How things have changed!  Video and even audio files are routinely pushing into the gigabytes, now that technology has progressed to the point where high-definiteion video and audio can be originated for ubiquitous mobile devices.  And as RUcore and other large repositories seek to preserve this content, we are finding ourselves running into a hurdle we did not anticipate: the ability for our architectures to handle these very large digital files.  In particular, files larger than 2 Gigabytes has posed some exceptions forFEDORA, our infrastructure of choice, and this is a very big deal for video content in particular.  Consider that 2 Gigabytes can comprise less than 5 minutes of HD content, and you can see our dilemna.

Added mechanisms to support these large items has been slow in coming, and have presented some difficulties of their own in implementing.  For this reason, I’ve drafted a document which explains our position on why we need uniform large file support in digital repositories.  Feel free to have a look and provide feedback.

With any luck, developers will heed the call presented here and in other institutions,a nd work to make better support for big files a reality.

Google’s Neglected Archive
Oct 8th, 2009 by Isaiah Beard

Controversial as it may be to archivists of both the digital and analog realms, Google is often seen as the ubiquitous oracle of record by the general online population.  Websites (including libraries) strive to be listed on its search engines; it runs the de facto video archive for the internet at large; it’s made searching patents and even scholarly material easier to access than their respective online custodians in many cases.  Research institutions and businesses even now turn to it to handle their growing mounds of e-mail and electronic documents.

Yet, curators and librarians have been very skeptical of Google, its aims, and even its competency at truly being able to objectively preserve the massive digital content it aims to take on.  The ongoing Google Books drama is one such aspect of this.  But now, others outside of the world of preservationists are seriously calling Google’s competency and motives into question.

Wired.com has posted an article about what may well be an example of Google’s mismanaging of important archives.  Usenet was probably the Internet’s earliest online reference, social network, and historical archive, consisting of terabytes of text articles, files and writings from internet users (and its predecessors) dating back to 1980.  While most of the content can be quite mundane, some of these articles document milestones in online history or contain the writings of influential pioneers of the Internet.  Google, through its aquisitions of various entities over the years, became the world’s de facto curator of this content, and according to Wired contributor Kevin Paulson,Google is failing in this role:

… visiting Google Groups is like touring ancient ruins.

On the surface, it looks as clean and shiny as every other Google service, which makes its rotting interior all the more jarring — like visiting Disneyland and finding broken windows and graffiti on Main Street USA.

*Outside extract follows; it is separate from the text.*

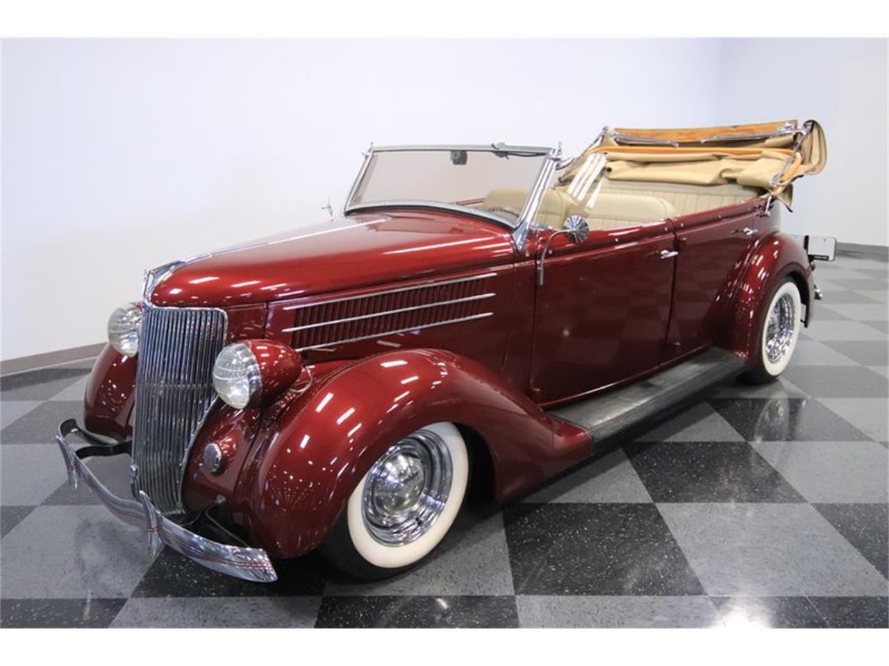 The 1936 Ford Model 68 Deluxe Phaeton was built as a true upper-echelon classic. And while this rare treat is still for only the select few, the slick paint, loaded interior, powerful ZZ4 crate motor, and many other upgrades prove that classic elegance doesn't have to leave you short on power, luxury, or flair. The thin convertible roof of the Phaeton body style is always desirable on a classic. It gives the car a very sporty and European feel with the top up. But more than rarity, you can tell this one is something special just by the way the sunlight hits the paint. The Brandywine color is full of a rich and modern luster.
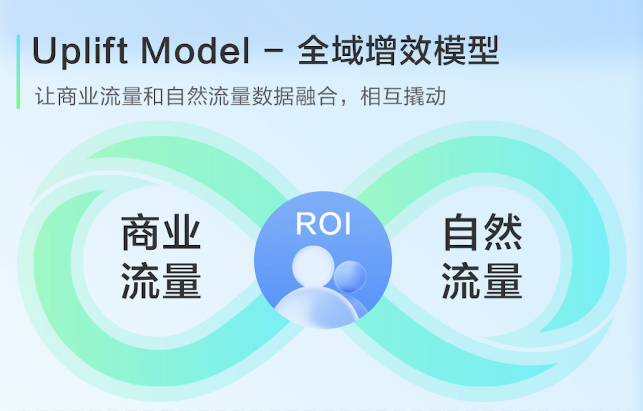 「門店全域推廣」采用了全域推廣的先進技術能力——全域增效模型,通過打破自然流量與商業(yè)流量的劃分邏輯,使兩種流量數(shù)據(jù)互相融合、相互撬動,讓商家整體GMV提升15%-30%。

Searching within a newsgroup, even one with thousands of posts, produces no results at all. Confining a search to a range of dates also fails silently, bulldozing the most obvious path to exploring an archive.

Want to find Marc Andreessen’s historic March 14, 1993 announcement in alt.hypertext of the Mosaic web browser? “Your search – mosaic – did not match any documents.”

Wired’s send-up pretty much hints towards the exact concern that many archivists have about Google’s aims: that they aren’t motivated to maintain assets they hold if those assets are no longer making them any significant money.  With newer, more visually-appealing technologies largely supplanting the once-huge popularity of Usenet, its archive is not as hot a commodity as it used to be, and one can speculate that if it’s not generating enough ad revenue, Google isn’t going to care to maintain the archive or keep it functional.

So, what happens when certain subject matter in their scanned books archive becomes less-popular – and thus less visited – within the Internet’s incredibly short attention span?